Ahmad Mahmud as a novelist and short story writer derives the themes and topics of his fictional writings from his direct life experiences so much so that his works of fiction are considered “autobiographical” in nature. He also derives the themes from the evolving and emerging socio-political conditions during and in the aftermath of 1953 coup d’etat. At the same time his novels deal with the eventful history of Iran in the 2nd half of the 20th century that witnessed economic recession, due to the nationalization of the oil industry which led to great impact on the lives and conditions of the people. Ahmad Mahmud has dealt with these issues widely and extensively in his writings.

Ahmad Mahmud’s most celebrated novel, The Neighbors, which was written a decade after 1953 coup, explores socio-political conditions in the early years of the nationalization of the oil industry that had far reaching consequences for the society, people and the nation. We see Mahmud in this novel putting his central character, the young boy Khaled, at the most crucial point of the country’s socio-political conditions. The country was passing through a very critical phase in which the nation resisted the British intervention and asked for its fair share of oil and other natural resources.

One of the striking features of his social realist style of writing is the fact that the characters of his novels and stories mostly come from the class of ordinary people who are oil refinery workers, tanker drivers, shopkeepers, local fishermen, teahouse owners and common trade’s people. Moreover we also find in his novels two other groups of people. On one hand we have a group comprising students, intellectuals, bookstore owners and revolutionaries. On the other hand there is another group of people who are military individuals and government officials, torturers, spies and infiltrators. While reading his works we find him deliberately dividing the segments of the society into the opposing forces of good pitted against the evil. It is a characteristic common in all social realist works.

Mahmud’s characters forming working class are considered “good” resisting the “evil” class that is exploiting them and looting their resources, inflicting damage and harm upon them, denying them their rights and rendering them spineless and helpless. Mahmud being a social realist writer is depicting their stories of struggles, survival, resistance, resolve, resilience and fight in his writing. Mahmud shows working people as good versus the corrupt as evil.

However this binary of good versus evil has been deployed by Mahmud to portray justice versus injustice that exists in society. This much emphasis on portraying the issues related to common people shows that like many other social realist writers, Mahmud was also concerned with the struggles of the masses. It also reflects the mindset, attitude and commitment of Mahmud’s generation of intellectuals and writers, who took upon the responsibility to raise voice against injustices, atrocities and exploitation of the masses and to help them overcome their fears, worries and difficulties in life.
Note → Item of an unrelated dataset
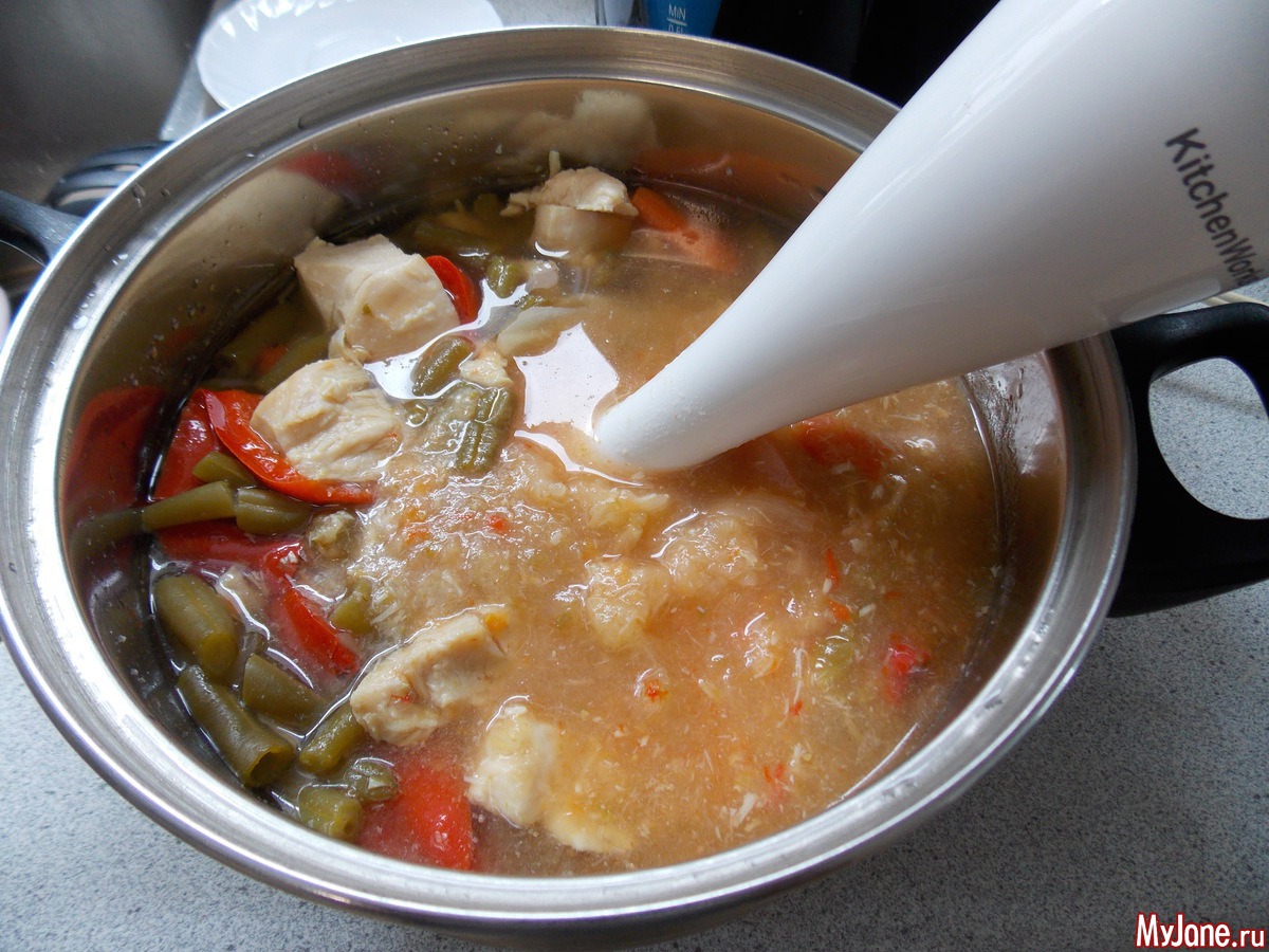 а из овощных супов с морковью, капустой и луком, можно сделать овощное пюре, усилив белок куриной грудкой

In addition to that, we find another important theme in his works that is related to the theme of resistance which runs through many of his works of fiction. His novels uncover the story of a period fraught with resistance and struggle of the leftist political party. For example we see in his novel “The Tale of a City” that a good third portion of the novel is devoted to the theme of imprisonment and executions of the officers and high ranking members of the leftist party known as Tudeh Party.
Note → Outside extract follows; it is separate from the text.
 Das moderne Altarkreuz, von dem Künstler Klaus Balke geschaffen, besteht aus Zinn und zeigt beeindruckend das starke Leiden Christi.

Besides these themes of struggle of working class, their resistance, their resolve, we also find Ahmad Mahmud depicting the story of war, strife and political upheavals happening in society. He particularly had dealt with the coup of 1953 and the revolution of 1979, portraying the socio-political conditions of the masses at that time. He also depicted situation and circumstances of war between Iran and Iraq and its repercussions on the people and their daily lives. “The suddenness and vehemence of the war as experienced by ordinary people, combined with personal feelings about war as a human tragedy, form the dominant themes of war literature….. The one novel of note on the theme, Ahmad Mahmud’s The Scorched Land, attempts to reveal the tragic consequences of Iraq’s invasion of south-western Iran in the war-torn city of Ahvaz in the autumn of 1980 – i.e., the first three months of the war. This novel provides glimpses into the war’s impact on the social fabric of the city. It ends with the hero’s severed arm, caught in the branches of a palm tree, pointing a finger of blame at the surviving narrator”.[3]

Thus we can see that Ahmad Mahmud has presented the theme of socialist realism in his writings especially in his novels and short stories. Many of the themes he has presented in his fiction are related to the issues of working class people, their worries, fears, hopes and aspirations. At the same time he has also portrayed the political conditions of Iran in the second half of the 2nd century. We conclude that Ahmad Mahmud’s works are a great embodiment of socialist realism in modern Persian literature.

References

[1] . Didar ba Ahmad Mahmud (2005), Nashr-e Mo’in, 21.

[2] . Dastgheyb, Abdolali, Naghde-e Asar-e Ahmad Mahmud, (A review of Ahmad Mahmud’s work) 32.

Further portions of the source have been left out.